I have wondered about this bow also. A top finger shooter from Australia named Rhys Aizlewood shoots one of the moneymakers in the freestyle limited division. How much can you get one used for? Rick Stark one of the best barebow shooter out there used to shoot a PSE shark. Not sure what cams he had on it, but he could shoot it well and that was stringwalkin.:mg:


----------



## tazhunter0 (Jun 21, 2006)

Harperman said:


> Just for conversation's sake.......I often wonder why the Moneymaker from PSE didnt have more interest among Fingershooters??....I had two of them, and my only complaint was the short valley, and most of this issue was in my head, really....The Moneymaker has a deflexed riser, a reasonably smooth draw cycle, outstanding grip, decent A-T-A, and brace height, and made respectable speed for it's over-all Specs...Pretty quiet, easy to tune, and the lowest price of any of the Top Line Manf.
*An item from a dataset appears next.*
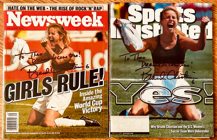 Set of 2 complete Newsweek and Sports Illustrated magazines featuring Brandi Chastain celebrating after winning the 1999 Women’s World Cup with her penalty kick, both autographed in black Sharpie and inscribed Dream do come true! Obtained in person, with certificate of authenticity from AutographsForSale.com. ONLY ONE SET AVAILABLE FOR SALE.
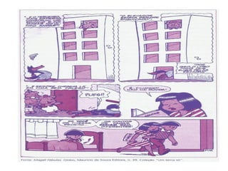 O documento discute a intertextualidade na Linguística Textual, definindo-a como as relações entre um texto e outros textos prévios. Apresenta duas formas de intertextualidade: explícita, quando há citação da fonte; e implícita, quando o leitor deve reconhecer a fonte sem citação. Exemplifica modos como a intertextualidade constrói significados em textos.

Flagship Target bows, at an MSRP of $950.00....I might try to find another Moneymaker used this fall, and shoot it without the bottom draw stop, as was recommended to me by a World class shooter....Anyone on here shot, or now shoot, a Moneymaker with Fingers??....Jim


I shot a Ni cam and a LF cam Moneymaker with fingers before I hurt my hand earlier this year and had to go to a release. The LF cam I loved, the Ni I didn't care for (my .02) both are good bows. Still wanting to put Vendetta cams on a Moneymaker to shoot. I think it would be a smooth drawing bow and some more speed for 3d. 
I also shot a Hoyt with sprials and liked it. I think thats why I liked the LF cam so much.

Chris


----------



## DDSHOOTER (Aug 22, 2005)

tazhunter0 said:


> I shot a Ni cam and a LF cam Moneymaker with fingers before I hurt my hand earlier this year and had to go to a release. The LF cam I loved, the Ni I didn't care for (my .02) both are good bows. Still wanting to put Vendetta cams on a Moneymaker to shoot. I think it would be a smooth drawing bow and some more speed for 3d.
> I also shot a Hoyt with sprials and liked it. I think thats why I liked the LF cam so much.
> 
> Chris


I have to agree. Love the bow but the cam was a bit to hard for me. I seem to have a very long power cycle with a short valley. dd


----------



## Finger_Flinger (Mar 25, 2009)

I wouldn't mind trying one, but, I always end up going back to my 99' Reflex Caribou II.


----------



## Ozzy (Aug 6, 2003)

I have my Moneymaker NI set on the 80% let-off (with a release aid).
This lengthens the valley. The 80% no good for fingers ?


----------